100 jours de Macron: «Un début de mandat en demi-teinte»
INTERVIEW•Le politologue Bruno Cautrès répond aux question de «20 Minutes» sur les 100 premiers jours de la présidence Macron...Propos recueillis par Laure Cometti
Cent jours se sont écoulés depuis la victoire d’Emmanuel Macron au second tour de la présidentielle, le 7 mai dernier. Le bilan du jeune président est contrasté selon Bruno Cautrès, directeur de recherche au CNRS, qui répond aux questions de 20 Minutes.
Comment résumer le début de mandat d’Emmanuel Macron ?
Ces 100 premiers jours sont un peu en demi-teinte. Emmanuel Macron a connu un départ tonitruant, sur des chapeaux de roues, une séquence forte au plan international et européen puis l’écrasante victoire de son parti aux législatives. Il est arrivé à entrer rapidement dans le costume de président de la République. Mais les premiers couacs sont arrivés avec une étonnante rapidité.
A partir de quel moment ?
Après le remaniement, l’affaire Ferrand et le départ des ministres MoDem, le nouveau casting gouvernemental a du mal à exister. Les ministres sont peu connus et ne sont pas des relais des principales forces politiques du pays. Bruno Le Maire et Edouard Philippe sont connus, mais ils sont en rupture avec leur parti, idem pour Jean-Yves Le Drian. Cela donne le sentiment que c’est le président qui décide de tout. Par exemple, le discours de politique générale du Premier ministre a été contredit par le président dès le lendemain.
La cote de popularité d’Emmanuel a baissé au cours de ces 100 jours. Cette tendance est-elle plus forte pour ses prédécesseurs ?
Sa cote de popularité a chuté plus vite que celle de Nicolas Sarkozy, et un peu plus vite que celle de François Hollande. Mais c’est surtout l’ampleur de cette chute qui est frappante. Le premier tour de la présidentielle n’a pas disparu : il a obtenu 24 % au premier tour, et la forte hésitation des électeurs et le manque d’adhésion au second tour pèse encore aujourd’hui. Jusqu’à quand la dynamique de départ de Macron va masquer ce problème ?
Quelles décisions ont pu avoir un impact sur cette baisse de popularité ?

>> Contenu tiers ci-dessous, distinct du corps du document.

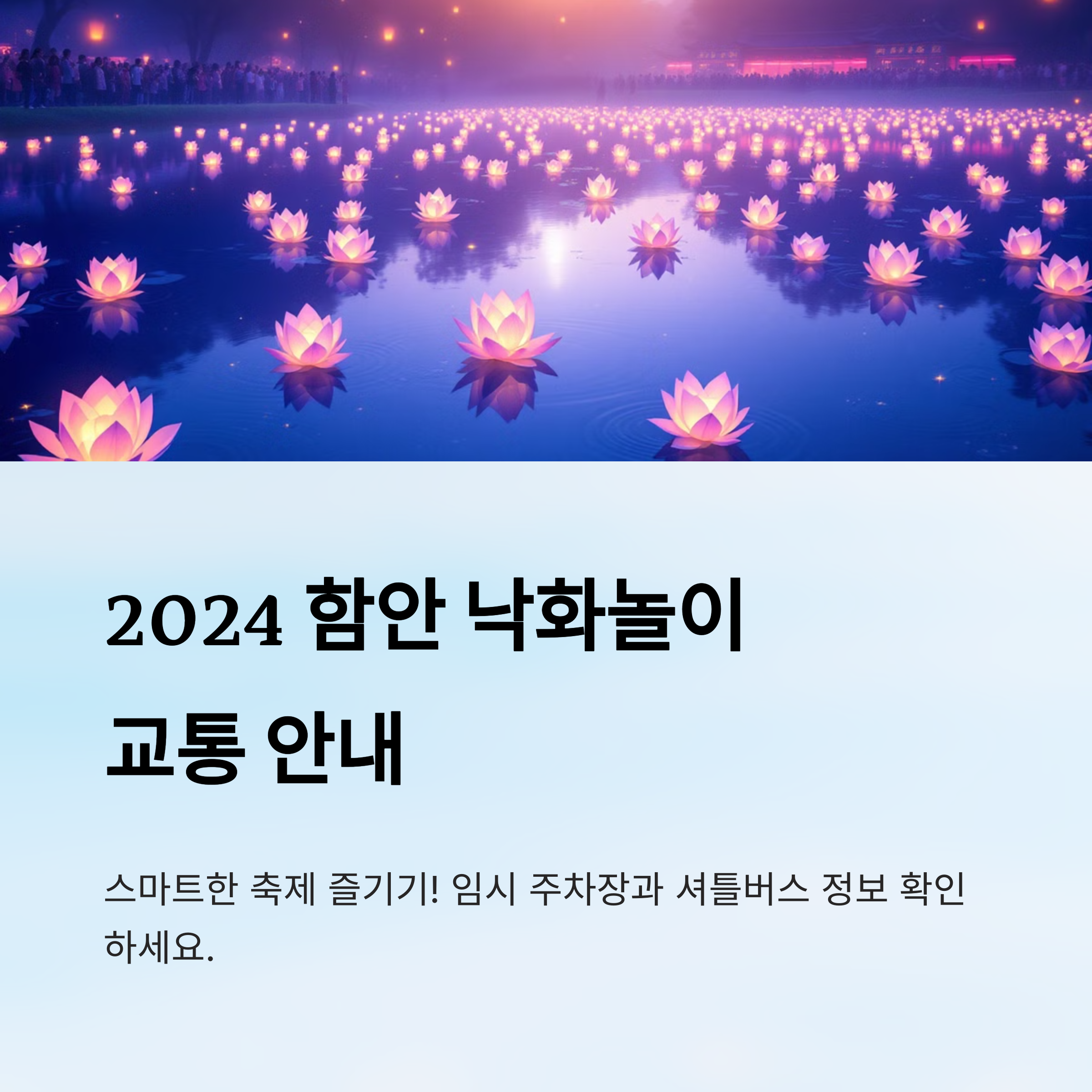 함안 낙화놀이는 매년 수천 명이 방문하는 인기 전통 축제예요. 특히 조용하고 고즈넉한 무진정 앞에서 펼쳐지는 불빛 쇼는 전국 어디서도 볼 수 없는 특별한 장면이라 많은 관람객이 찾고 있어요. 하지만 축제 당일에는 차량이 몰리면서 교통 혼잡이 심각해지는 만큼 ‘주차장 정보’와 ‘셔틀버스 이용법’을 미리 알고 가는 게 정말 중요하답니다.

Les premières mesures budgétaires ne sont guère populaires. Il me semble par ailleurs que la baisse de l’Aide personnalisée au logement de 5 euros est une erreur, car elle est absurde : elle rapporte peu et elle porte un message contradictoire avec l’ensemble du projet d’Emmanuel Macron, puisque dans le même temps il veut baisser l’impôt sur la fortune et exonérer massivement les Français de la taxe d’habitation en 2018 - même si cette taxe ne rentre pas directement dans les caisses de l’Etat. Par ailleurs, sur ce sujet la communication élyséenne a été mauvaise. On nous a raconté que le président s’était fâché devant ses ministres, roulés dans la farine par Bercy. Mais peut-on vraiment croire que l’état-major des finances publiques aurait imposé cette mesure à Edouard Philippe sans son accord ?
Que dire de la communication élyséenne ? Y a-t-il un décalage chez le président jupitérien qui donne peu d’interviews aux médias mais qui réagit par communiqués à la mort d’un écrivain, à la profanation d’un monument, et qui documente tous ses déplacements par des Facebook live ?
La volonté d’être un « président jupitérien » peut introduire des difficultés. Quand la communication politique vend la toute-puissance du président, alors la déception des citoyens est d’autant plus grande si les résultats ne sont pas à la hauteur des espérances. Emmanuel Macron est apparu dans de nombreuses scènes télévisées comme la poignée de main avec Donald Trump, le discours devant le Congrès, mais que reste-t-il de tout cela ? Il y a un certain malaise dans cette communication, qui est omniprésente sur des points de détails, et parfois absente sur l’essentiel. Sur l’APL, il n’y a pas eu d’explication officielle.
Parfois, on est dans de la com' qui en fait trop, comme lors de l’épisode du général De Villiers. Certes, il a dérogé à la règle de se taire, mais cela justifiait-il l’image du président de la République qui vient rappeler aux militaires qu’il est leur chef. Il aurait pu le dire en Conseil de défense plutôt que devant la France entière. La mise en scène de cette séquence est assez maladroite et le général De Villiers a quitté son poste sous les applaudissements des militaires.